Spring Thoughts
Mar. 29th, 2019 07:25 pmGirlbear and I have been to East Finchley to collect my new glasses.. it must be getting on for three years since I had my eyes tested, and at that time I was offered a pair so complex, and hence so expensive, that I said I would think about it, and didn't. A new optician too, or at least new to me as an optician; I previously only knew him as a good, and very inventive, player on the bouzouki. This may not be the best recommendation for his skills in optometry, but after all, it's more than we often know about the tradespeople we engage.

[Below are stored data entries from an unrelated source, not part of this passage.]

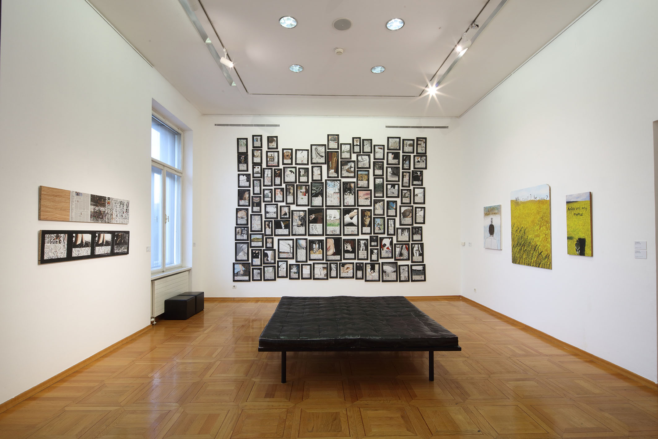 Izložba u Nacionalnom muzeju moderne umjetnosti u skladu s proklamiranim programskim fokusom na stvaralački čin kojem je cilj umjetnički objekt izveden tradicionalnom likovnom disciplinom, predstavlja mahom Pavelićeve slike uz nekoliko objekata koji publici trebaju signalizirati postojanje njegove drugačije umjetničke prakse. Stoga ćemo u opisu izložbe krenuti od tri izložena objekta. Jedan od njih je već spomenuta i interpretirana Zlatna prečka iz 2010. godine. Uz nju je predstavljena i Kunst – Dunst mašina (2007. – 2010.) koju kao pronađeni objekt, u naravi stroj za razvlačenje tijesta, preuređuje dodajući na valjke brusni papir s napisanom riječi Kunst (njem. umjetnost) na gornjem i Dunst (njem. izmaglica) na donjem valjku. To je izvrstan primjer Pavelićeve sklonosti prema poigravanju riječima i anagramima koje, računajući na efekt paradoksa, često koristi u svojim radovima, a nadasve na slikama. Pokretanjem stroja umjetnost i kreativna izmaglica se uz struganje brusnog papira s otporom taru jedna o drugu, s više nego jasnom porukom o mutnim situacijama i lošem sustavu vrednovanja unutar kulturnog sustava koji određuje vrijednosnu hijerarhiju umjetničkog stvaralaštva. Treći predstavljeni ne-slikarski rad kratki je videozapis iz 2007. godine koji prikazuje zabat slavne Likovne akademije u Düsseldorfu s montažom dodanim zvukom udarca nogom koji je Pavelić snimio tijekom performansa Kuća umjetnika izvedenog u Meštrovićevu paviljonu 2003. godine. Udarac na videu odjekne poput pucnja na koji zabat Akademije poskoči, da bi se potom smirio u početnom stanju. Ironični naziv Jučer, danas, sutra ukazuje na Pavelićevo viđenje različitosti u funkcioniranju dvaju umjetničkih sustava.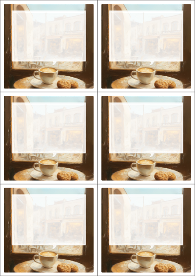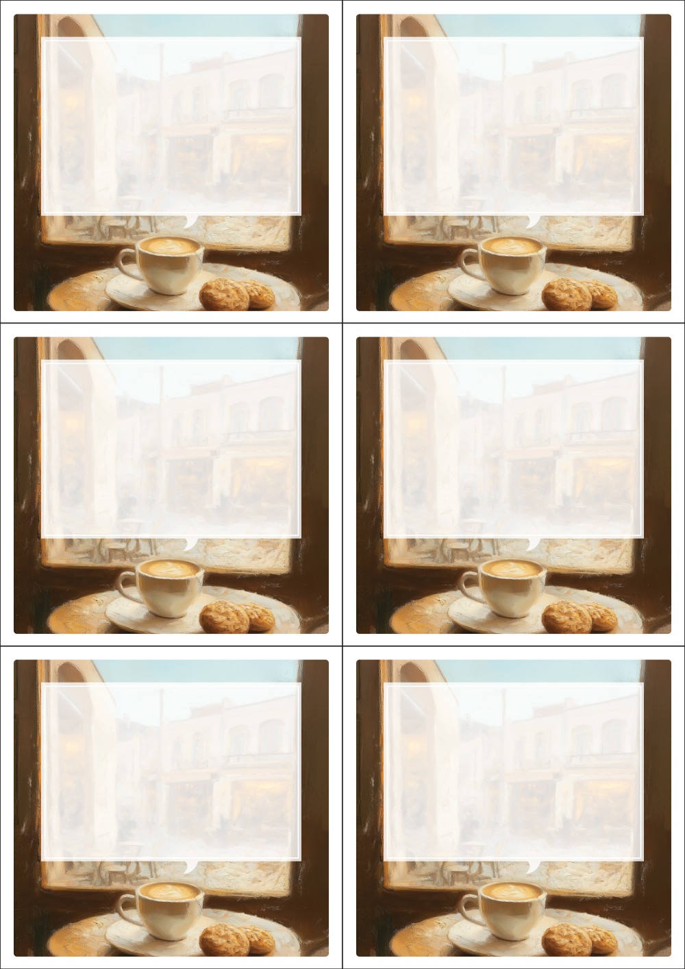디자인된 A4 라벨지 출력용 라벨스티커, 규격코드: 606, 디자인코드: DA1479(레트로 감성 카페에서), 105 x 99 (mm)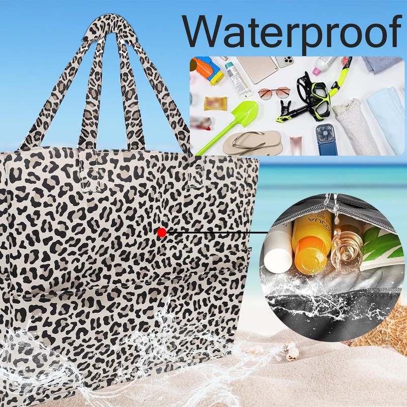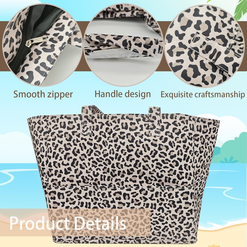 AUNGKWANG Women's Large Beach Bag, Large Waterproof Swimming Bag with Zip, Beach Bag for Beach, Holiday, Pool, Travel, Shopping and Everyday Use, leopard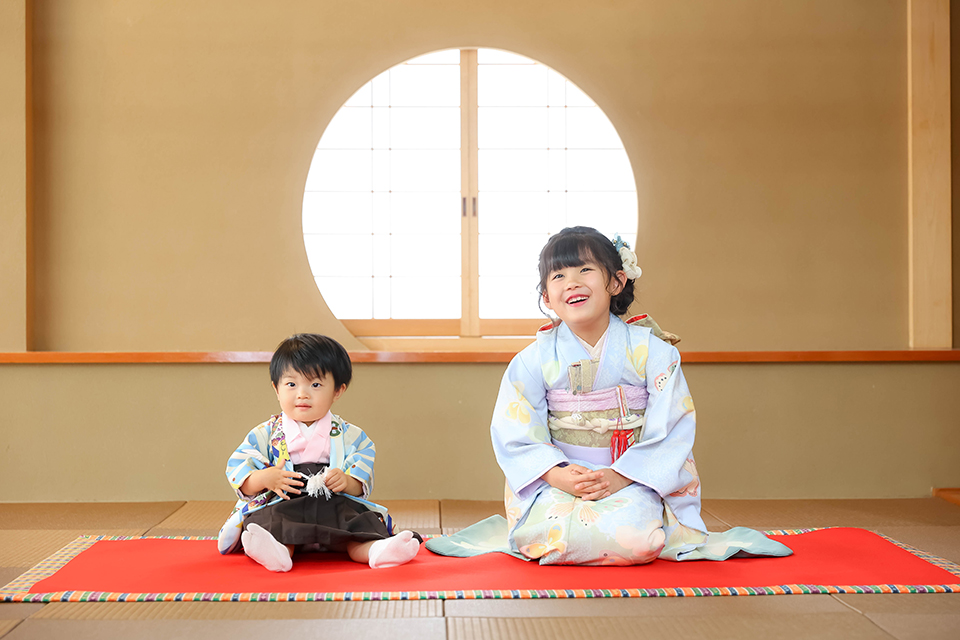 人気の和室スタジオで仲良く座られているご姉弟様の素敵なお写真です。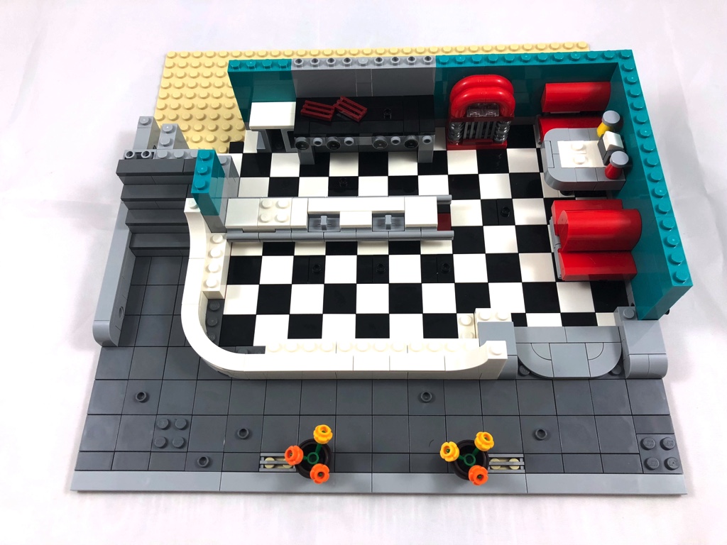 Les deux premières séries de sachets de pièces vont nous permettre de construire le restaurant situé au rez-de-chaussée. Rien d’autre n’est construit à cet étage, ça vous donne une idée de la taille de ce dernier. On commence comme d’habitude par la réalisation du « pavage » du sol, sur la plaque de base couleur tan. Le noir et le blanc sont omniprésents, et nous emmènent tout de suite dans les années 50. Puis on alterne les phases de construction des murs, et d’ajout de mobiliers divers et variés. On commence ainsi par le très grand comptoir, les fauteuils rouge rembourrés comme il faut, et le grill pour que le chef puisse travailler. On ajoute ensuite beaucoup de détails (les sauces sur la table avec un distributeur de serviettes, ou les steaks sur le grill). Un très beau jukebox est également de la partie, ainsi qu’une cafetière (filtre, nous sommes dans un Diner) et un distributeur de bonbons. Trois tabourets rouges prennent place devant le comptoir. On notera également la grande hotte au dessus des tables de cuisson, ingénieusement réalisée.
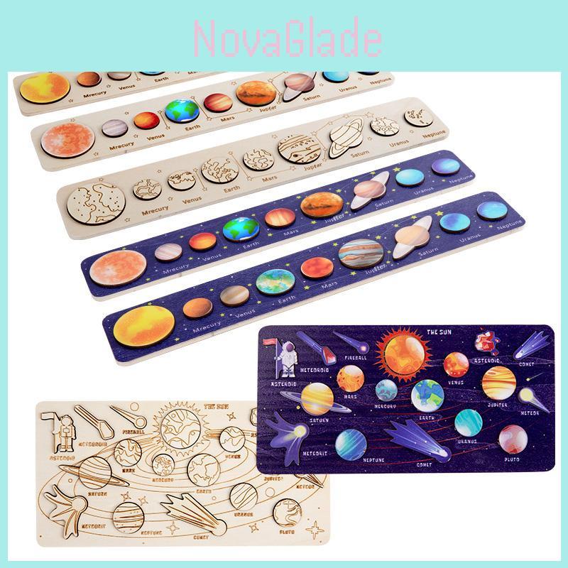 Wooden Space Planet Puzzles Montessori Toys For Kids Educational Jigsaw Tray For Science Learning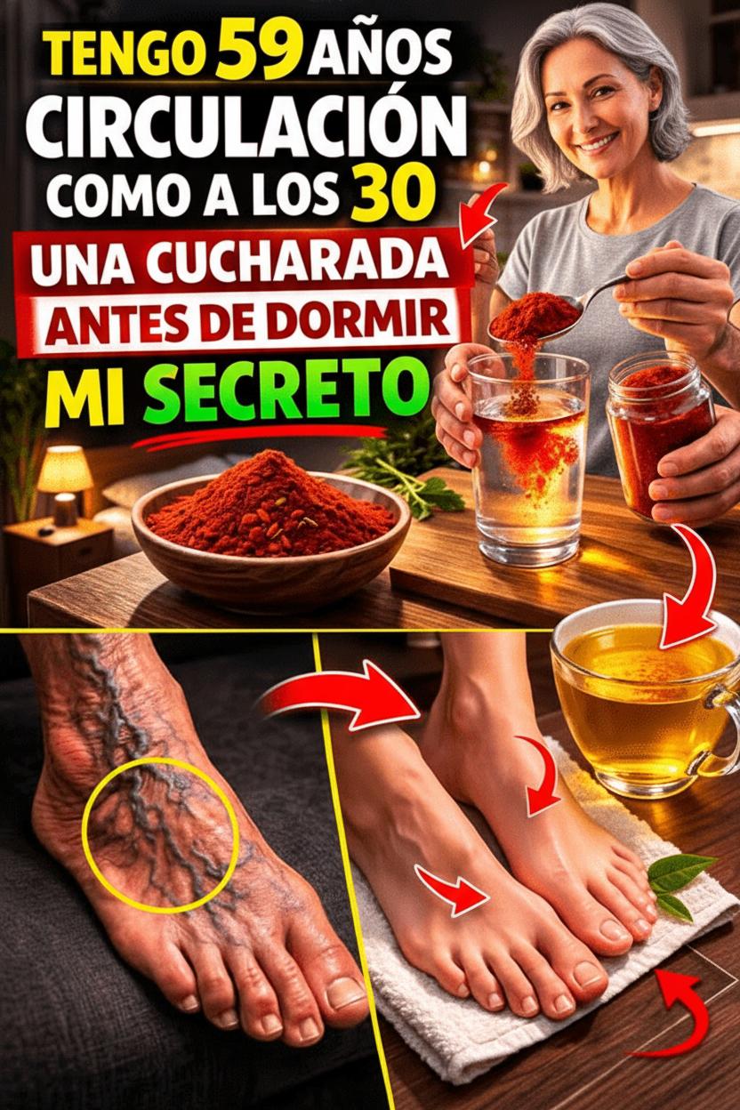 ¿Experimentas con frecuencia una sensación de piernas cansadas al finalizar el día, pies fríos o una disminución general en tus niveles de energía? Con el paso del tiempo, es natural que el sistema circulatorio ralentice su ritmo, lo que puede manifestarse en síntomas incómodos como hinchazón, fatiga en las extremidades inferiores o esa molesta pesadez que interrumpe tu descanso nocturno. Estas alteraciones son comunes entre los adultos mayores de 60 años y, aunque son parte inherente del proceso de envejecimiento, pueden impactar significativamente tu bienestar cotidiano. Sin embargo, existe una solución sorprendente y completamente natural, presente en la mayoría de nuestras cocinas, que está ganando reconocimiento por su capacidad para potenciar el flujo sanguíneo de manera suave y efectiva. Nos referimos a la pimienta de cayena, y lo más fascinante es que una pequeña cucharadita antes de acostarte podría transformarse en un ritual sencillo para mejorar tu salud circulatoria. Continúa leyendo hasta el final, donde te desvelaremos la forma más segura y práctica de prepararla, además de compartir consejos valiosos que han beneficiado a muchos.

So far it seems to be going well; I have two pairs of spectacles, for less than half the price I was quoted three years ago, and the distance pair have a magnetic clip-on to convert them to sunglasses; the computer pair have a case with pictures of bicycles. And there is so much detail in the world – if you never let your glasses get six years old (or take LSD) you might not be aware how many different bits go to make up a tree. After lunch at the New Local Cafe we walk through Cherry Tree Wood and into Highgate Wood.
Even before the new glasses I had been admiring the white blossoming shrub in the back garden, and admiring its bravery in the face of the cold snap threatened for the weekend. It put me in mind of Du Fu's “Spring Thoughts”, which contains both the pathetic fallacy and its reverse, a sort of “how can these things just keep on budding as if the nation wasn't falling apart?” I'm sure there are more elegant translations, but my own is the only one I have to hand:
The nation fallen, valley and hill remain:
In spring, the cities rife with green again.
Moved by hard times, the flowers sprinkle tears;
Reluctantly parting birds awaken fears.
Three months pass ,the beacons never grow cold;
A letter from home is worth a heap of gold.
I scratch my head, my white hair grown so thin,
Too meagre, soon, to hold the lightest pin.